Due giorni dopo Rocco era tornato. Veniva dall’Austria, dove aveva consegnato un carico di legname. Aveva i documenti a posto, la bolla di accompagnamento, gli scontrini dei caselli. Anche i piedipiatti erano tornati, molte altre volte, con le loro domande falsamente cortesi e gli occhi a capocchia di spillo.

Rocco diceva: «Tieni i nervi a posto e vedrai che ci lasceranno stare.»

Probabilmente aveva ragione, ma alla fine li avevano lasciati stare per un altro motivo. Mentre guidava un bestione stipato di taniche di gasolio, suo marito era precipitato da un viadotto dopo aver tamponato una betoniera. Il camion si era disintegrato in una palla di fuoco, di lui era rimasta cenere a mezz’aria. Non c’era stato bisogno del funerale: era stato cremato dalle circostanze. Adele aveva accolto le tante condoglianze con parole automatiche e una certezza nel cuore: era finita. Niente domande, niente dubbi sull’incidente, niente pensieri sui soldi, niente più passato.

Il passato, per loro, era una minaccia.

Quel giorno era cominciato il futuro, fatto del piccolo appartamento di sempre, di una pensione minima di reversibilità, di un ragazzo scontroso da crescere e della rinuncia a qualsiasi sogno. Lei aveva fatto del suo meglio, non era colpa sua.

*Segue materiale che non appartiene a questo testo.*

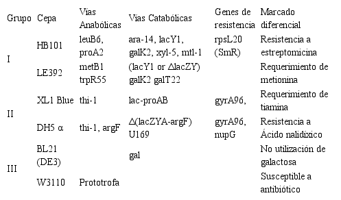 La DH5 α también requiere arginina para su crecimiento en medio mínimo. La cepa HB101 requiere leucina y prolina para crecer en medio mínimo y la LE392 requiere metionina. Una de las pruebas bioquímicas que tipifica los diferentes serotipos de la bacteria E. coli, es la capacidad de degradar lactosa como única fuente de carbono y energía. Muchas de las cepas de uso en Biología Molecular son incapaces de degradar la lactosa o la galactosa, por lo que esta propiedad puede ser seleccionada como un indicador de la no presencia de contaminantes cuando trabajamos con mutantes. La presencia de la mutación gyrA96 le confiere a las cepas DH5 α y XL1 Blue resistencia al ácido nalidíxico y el transposón Tn10 confiere resistencia a tetraciclina en la cepa XL1 Blue. La cepa HB101 muestra resistencia a la estreptomicina por la presencia de la mutación rpsL20. La selección de esta combinación de marcadores hace que puedan definirse medios donde el patrón de crecimiento sea diferente.

I pensieri si interruppero di botto. Il dolore alla testa era infernale. Adesso, quella che sentiva defluire era lava. Tornarono le ombre. Lunghe e poi corte, vicine e di nuovo lontane, concave e convesse. Si protendevano e si ritiravano. Amiche o nemiche? In fin dei conti, non avrebbe saputo dirlo. Fu ancora l’odore di cavolo a riportarla alla realtà. Bollito del tutto, salato al punto giusto, pronto da scolare e condire con un filo di olio. Se avesse potuto, avrebbe detto alla vicina di spicciarsi ché niente è più disgustoso del cavolo stracotto e spappolato. Adele doveva agire prima che la signora Tattilo uscisse. Le sembrò di sentire l’abbaiare del cane, ma chissà se poteva fidarsi dei suoi sensi ormai compromessi.

Adele Grillo, detta Lina, vedova Pani, allungò la mano sul comodino. Un colpo secco, come una mannaia. E stavolta trovò ciò che cercava.

Prima che il nero la inghiottisse, afferrò la cornetta del vecchio Sirio che non aveva mai voluto cambiare. Si chiese se avrebbe trovato la voce, se almeno la lingua le avrebbe obbedito. Si chiese, soprattutto, se avesse ancora tempo davanti a sé.

Alfredino.

Non aveva nemmeno ritirato la sua camicia buona dalla tintoria.